・いじめのニュース報道に対する大人たちの行動のどん詰まり感
「信用してもらえない」13歳の死…放置されたSOS、救う手立ては【報道特集】(TBS NEWS DIG Powered by JNN) - Yahoo!ニュース
本日のヤフーニュースでこんな見出しの記事があった。
私自身もいじめを小中高と受けていた経験から、自分の人生に疑問を感じ、哲学にはじまり発達心理学、小児心理学などの本を斜め読みして独学してきただけに、相次ぐ事件の報道に「またか」という気持ちでいっぱいになる。
正直記事を読んでいて、この報道自体が被害者側に心情に大きく偏ったバランスを失った書き方をしているように思えたのだ。
その理由について後述していく。
P:まず記事は遺族側の事件への調査行動に対して、まともに取り合わず我関せずを貫く学校側や教育委員会側という構図で成り立っている。
要するに遺族側による被害者がどのようないじめを受けていたのかということに対する真相究明活動に対する教育側の対応についての是非というわけだが、真相を究明されてはいじめがあったことが露見してしまう。ひいては学校や教育委員会側の責任が問われるということになるため、表面上はどうあれ保身のためにはどうあっても真実は隠蔽したいということになる。
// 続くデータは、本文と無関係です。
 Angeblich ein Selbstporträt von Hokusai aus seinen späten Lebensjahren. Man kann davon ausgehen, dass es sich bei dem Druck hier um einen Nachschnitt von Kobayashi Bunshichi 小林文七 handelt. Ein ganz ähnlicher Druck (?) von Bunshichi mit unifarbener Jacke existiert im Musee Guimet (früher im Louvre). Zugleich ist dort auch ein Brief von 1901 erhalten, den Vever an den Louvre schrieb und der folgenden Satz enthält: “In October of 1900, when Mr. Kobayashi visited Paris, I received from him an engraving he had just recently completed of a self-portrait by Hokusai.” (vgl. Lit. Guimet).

実は事件の解決には戦術、戦略的な視野に立って物事を見る必要があるわけだが、そのことに遺族側は気づいていない。あくまで感情的に教育側を叩くだけである。これでは物事が進展するはずもない。
遺族に対する感情的な配慮と、物事を解決するための視点は切り離して考える必要がある。
ここが出発点なのだ。
そもそもその出発点に偏りがあれば、どちらに進めばよいのかわからなくなり、地図の見方さえも誤ることになる。遺族も記事を書いた記者もこの視点がまるで抜け落ちているのだ。
R:遺族はまず全体を俯瞰して、教育側が真実を隠蔽する目的に対して自覚する必要がある。
その上でこちらの目的を定め、相手の責任を追求するなり賠償金を払わせたいのであれば、成果の上がらない学校を舞台とした究明活動に早々に見切りをつけるべきだ。
なぜなら組織である相手が隠蔽しようとした場合、一個人である遺族側にそれに対処する力はないからだ。それほど組織と個人の社会的な力の差は歴然である。であるならば、記事にされたようにペンの力を借りる必要があるが、これも全能というわけではない。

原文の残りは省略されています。